The simple arithmetic mean examine values in data as equal and permits equal importance to each value. On the other hand, in weighted arithmetic mean, weights or importance is assigned to the values.

To find the Median, the numbers should be arranged in numerical order from smallest to highest. Taking the number of observations as (n), and “th” signifies the (n)th number -

Median Formula = \[\frac{(n+1)}{2} th\]

Students who are looking for mean, median, mode formula pdf can wish to visit the official website of Vedantu. 

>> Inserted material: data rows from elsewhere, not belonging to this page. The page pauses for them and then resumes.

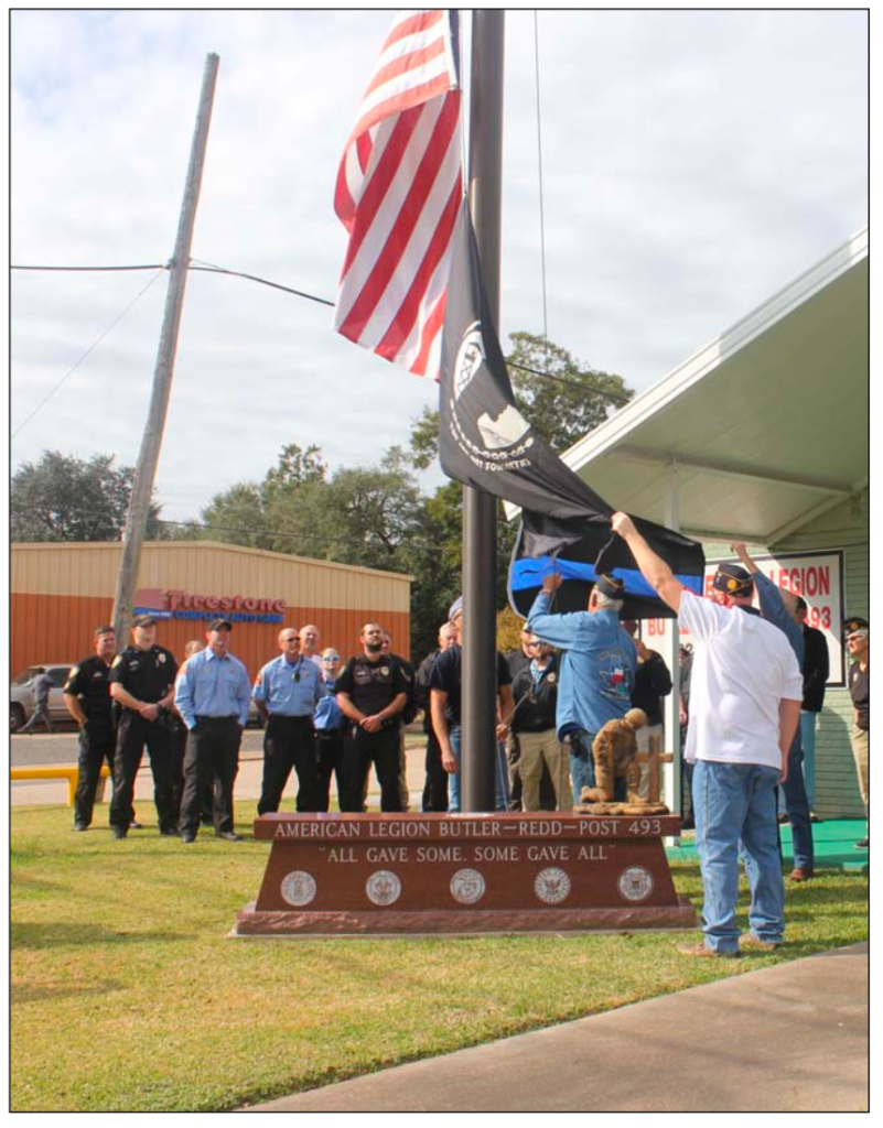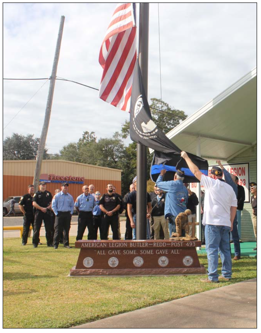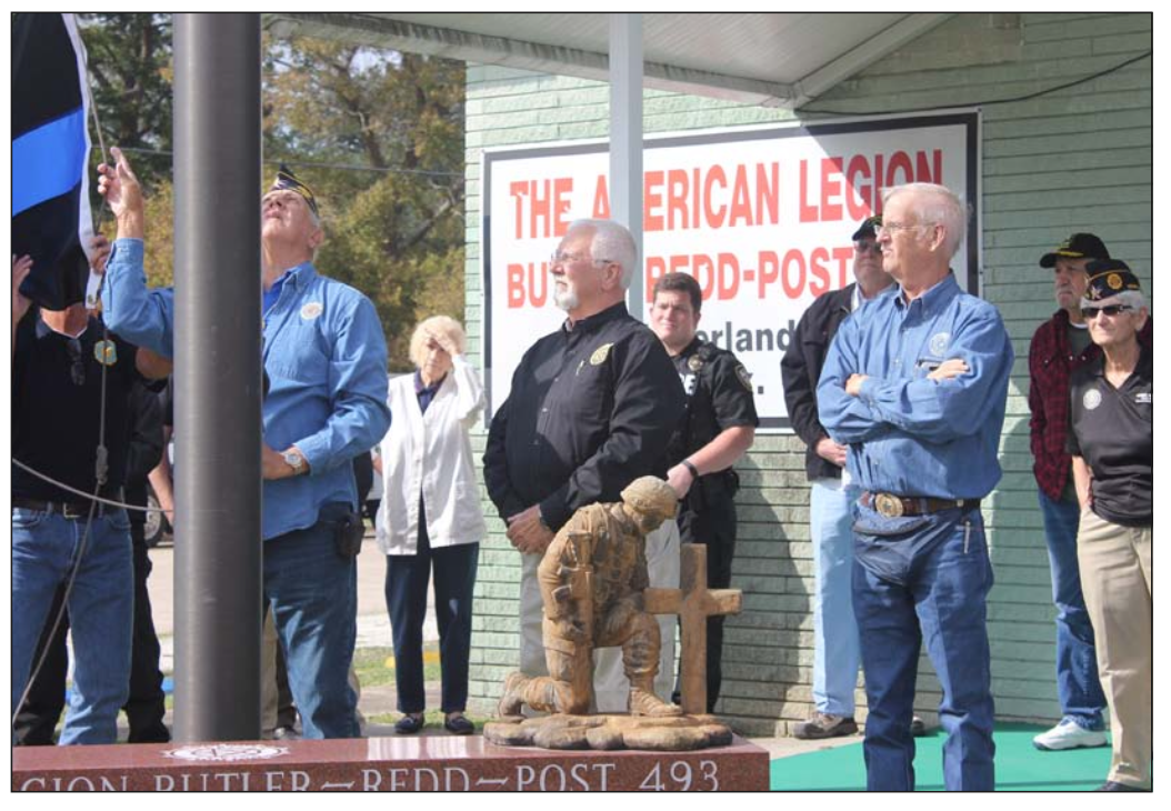American Legion Post 493 in Mid-County added a Back the Blue flag to its flagpole during a flag-raising ceremony on Wednesday, Nov. 30.
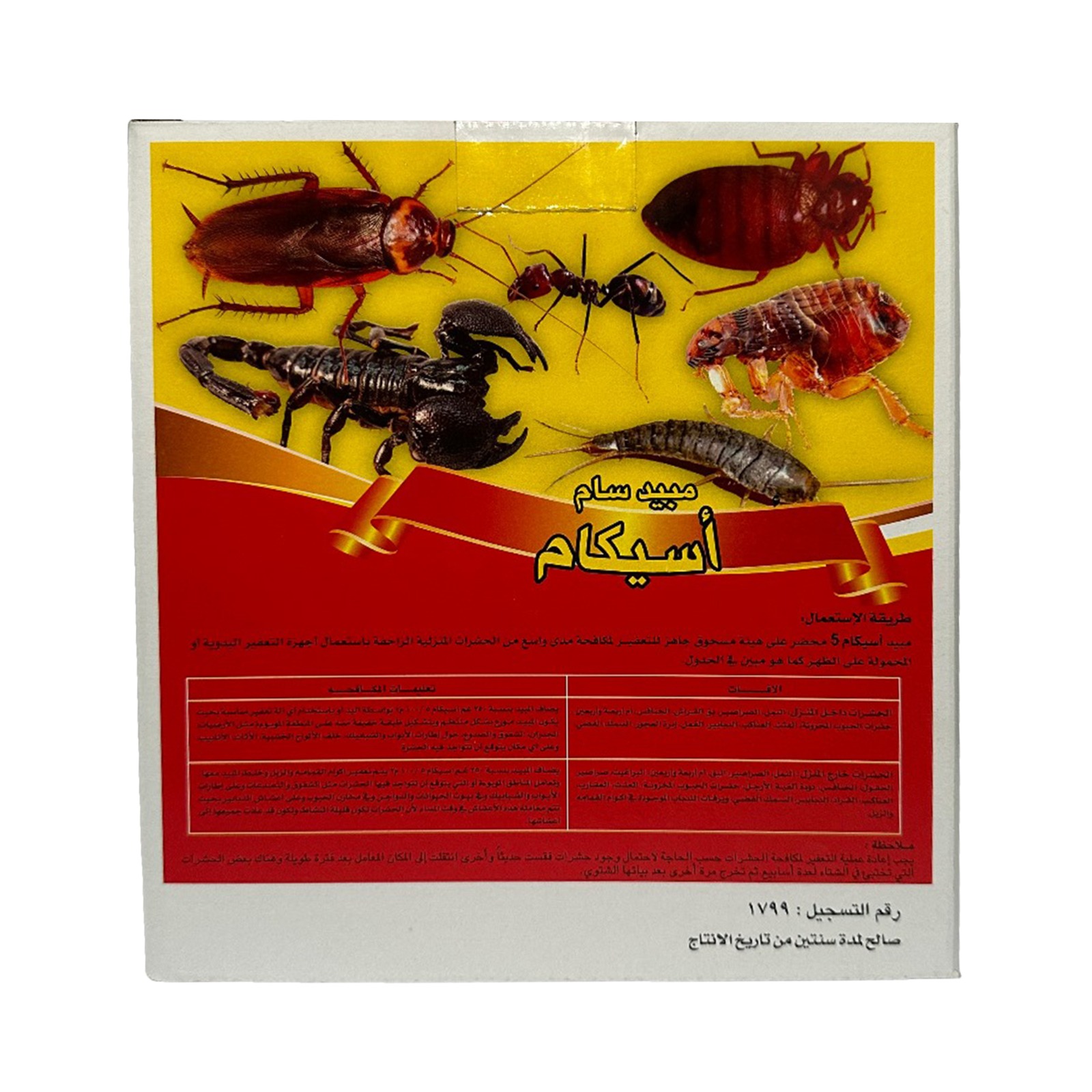 Add pesticide 250 g Acicm 5D /100m2, Mixing or fogging heaps of garbage and manure with pesticide. And treat the affected areas or that are expected to exist pests , such as cracks and around windows and doors in the homes of animals, poultry and grain stores and on the nests of wasps so that the treatment of these nests in the evening time because the insects have little activity and have all returned to their nests |
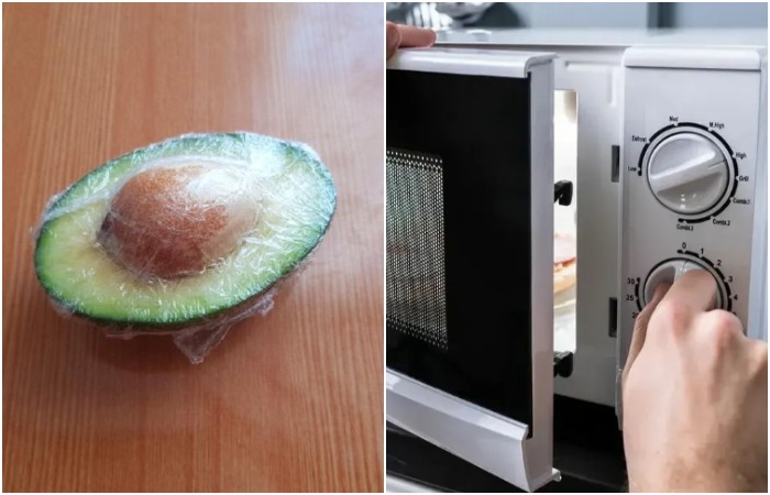 Если у вас в запасе есть всего 10-15 минут, разрежьте продукт на две части по вертикали, уберите косточку, оберните каждую половинку в пищевую пленку, безопасную для микроволновки, и отправьте разогреваться примерно на две минуты. Когда микроволновая печь просигнализирует об окончании цикла, возьмите авокадо и положите его в миску с холодной водой, чтобы оно быстрее остыло. Обратите внимание: пока мякоть остается горячей, она все еще готовится, поэтому если не охладить ее, есть риск «перезреть» продукт.
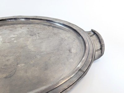GRAND PLATEAU OVALE en métal argenté à deux anses, bordure cannelée.
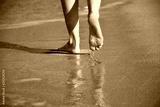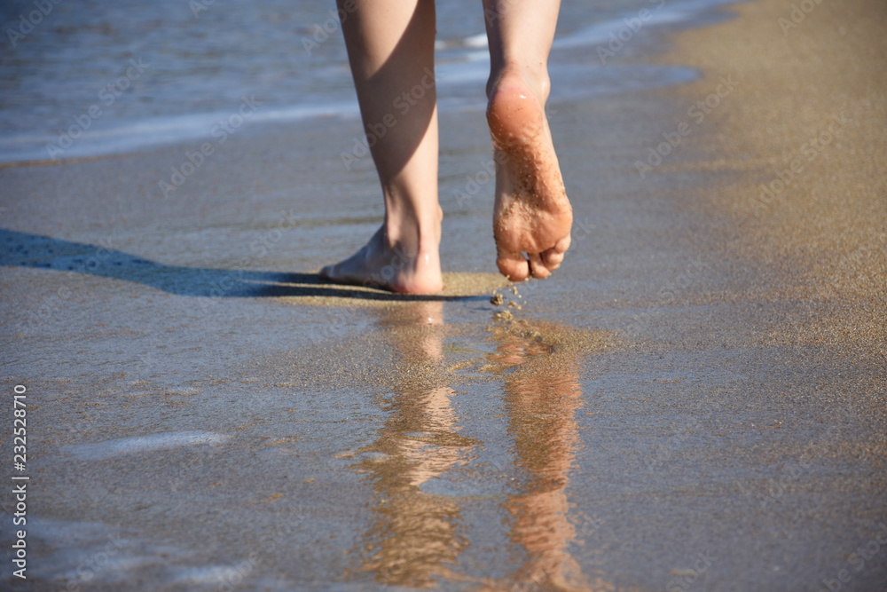 Woman walking on sandy beach. Beach travel - Summer vacations concepts, woman legs on sand

Mode Formula in Statistics for Discrete Series: 

Mode comes third in the concept of mean, median, and mode. As discussed earlier, it merely refers to the value that occurs most frequently in a number series. In discrete series, the values of items with their equivalent frequencies are found. Essentially, the value of the items with the highest frequency will be the mode for the distribution. Mode formulae in statistics help the students to solve different complicated statistical problems in their textbooks. Students can follow this method of mode in discrete series from an example shown below -

Example 1 - Find Mode from the following data

Ans: Arranging data in ascending order

The term that is occurring the maximum number of times is considered as Mode (Z). Here we get 16 four times, 12 and 20 two times each, and other terms once only. Thus Z=16

Students can find more examples of mode calculation in discrete series in Vedantu’s online classes.

Illustrating Measures of Central Tendency

Mean, median, and mode are together known as measures of central tendency. It signifies a synopsis of data that represents the center point or quintessential value of a dataset. These measures specify where most values in a distribution fall and are also referred to as the central location of a distribution. Best measures of central tendency can be chosen depending on the data you have. A “measure of central tendency” is either a location framework or a statistic used to evaluate a location parameter.

Several Measures of Central Tendency

• Arithmetic mean

• Median

• Mode

• Geometric mean 

• Harmonic mean

• Generalized mean

• Weighted mean

• Truncated mean

• Interquartile mean

• Midrange

Students can solve their statistical problems with measures of central tendency formulas that are given below -

Arithmetic Mean \[ (\overline{X} = \frac{\sum X}{N})\]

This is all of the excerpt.